Under Armour cuts outlook and shares plunge
Baltimore — Under Armour has lost its momentum. It posted lower revenue and cut its outlook again Tuesday, which sent its shares down nearly 24 percent.
The sports apparel company had previously grown phenomenally, which included a storefront on the corner of Woodward and State in downtown Detroit in the spring of 2017. Under Armour was mentioned in the same breath with industry titans like Nike and Adidas. But it has since floundered, its shares falling more than 85 percent since September 2015. The company had said earlier this year that it would cut almost 2 percent of its workforce.
“I think we probably were a little braggish” about previous successes, CEO Kevin Plank said in a conference call Tuesday.
While the entire athletic wear sector has struggled due to a crowded marketplace and changing consumer habits, Under Armour’s slide has been markedly worse.
Revenue in North America, the company’s most important market, fell more than 12 percent in the third quarter. The Baltimore-based company lowered its annual per-share earnings forecast for the second time in three months to about half what it told investors to expect in August.
Neil Saunders, the managing director of GlobalData Retail, asked, “how did the one-time powerhouse of sports retail lose so much traction so quickly?” While there’s been pressure on the entire sportswear sector, with U.S. consumers increasingly elusive, Saunders believes Under Armour is in an especially tough place.
“This is now about more than external factors; it demonstrates issues with the brand and its proposition,” Saunders wrote. “Especially so since other brands and retailers, including Lululemon, have not posted such calamitous figures.”
And Nike’s first-quarter earnings last month were down about 24 percent from a year earlier. Still, its shares are up about 2.6 percent since they posted those results.
Plank cited a number of factors for the declining North American sales figures, including retail bankruptcies and store closures, declining productivity and changing fashion preferences.
“As we look to close out 2017, we do not expect these conditions to improve,” Plank said. He added that the company expects to perform well internationally, but sees “a difficult environment in our North American wholesale business well into next year.”
In addition to its North American issues, Plank said the company also had to deal with “complexities” that resulted from the company’s rapid growth.
Quarterly profit came to $54.2 million, or 12 cents per share. Earnings adjusted for restructuring costs were 22 cents per share, 3 cents better than Wall Street had expected, according to a survey by Zacks Investment Research. Under Armour had reported earnings of $128.2 million, or 29 cents per share, for the third quarter last year.
Yet revenue slumped 5 percent to $1.41 billion, short of Wall Street’s expectations of $1.49 billion. Given that decline, Nomura analysts said Under Armour “is by definition not a growth company” and was shifting to a mature one.
The company now expects annual per-share earnings of between 18 and 20 cents per share.

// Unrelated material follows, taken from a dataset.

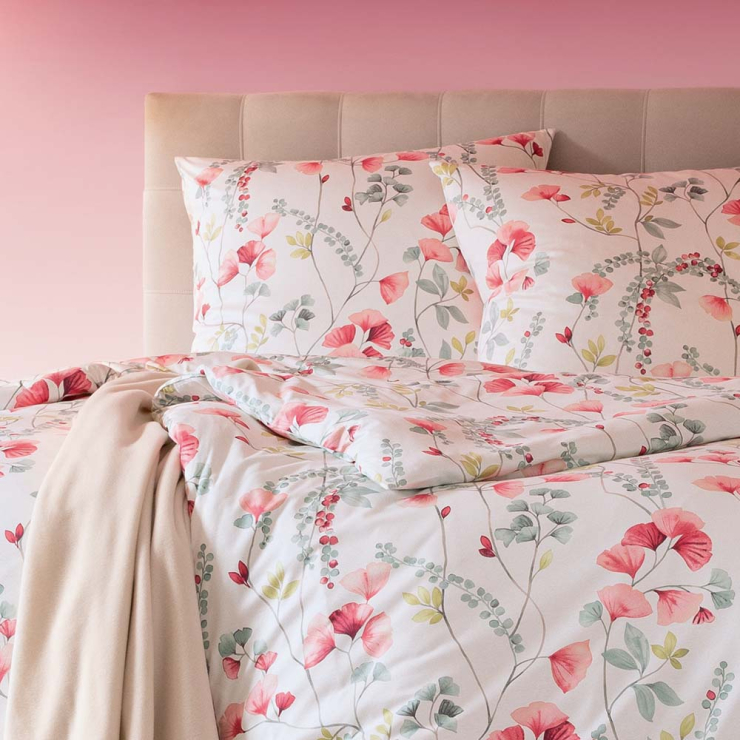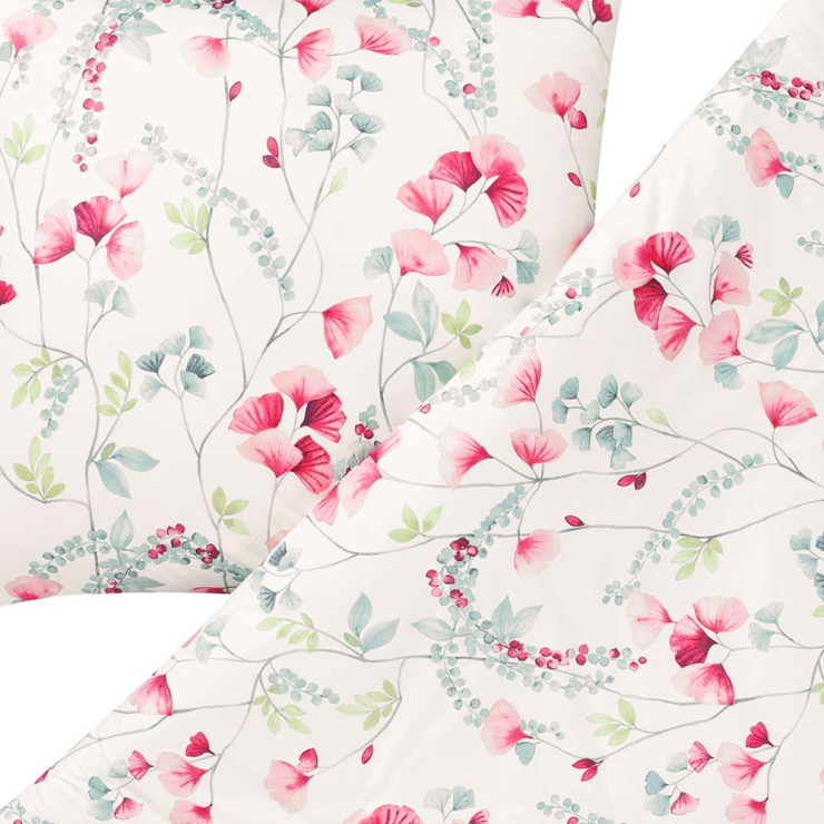 Du möchtest das Gefühl haben, mitten in einem blühenden Garten zu schlafen? Dann könnten die Bezüge der Bettwäschegarnitur Livia genau das Richtige für dich sein. Mit ihrem süßen Rankenmuster aus roten Blüten und zarten grünen Blättern lässt sie den Frühling in deine Schlaf- und Gästezimmer einziehen. Tipp: Ergänze das Set nach dem ersten Aufziehen mit kuscheligen Decken in Pastellfarben und blumigen Accessoires!

Perhaps looking for a silver lining, industry analyst Randal Konik at Jefferies wrote, “The guidance is lowered so significantly that the company should be able to meet or beat its outlook.” He said Jefferies analysts “very much believe in the brand, although the duration of the turn will take longer than we originally thought.”
Gross margins at Under Armour, which exclude a $4 million impact from restructuring efforts announced this year, were 46.2 percent, a decrease of 130 basis points compared with the same period last year.
Shares closed down 23.7 percent Tuesday to $12.52.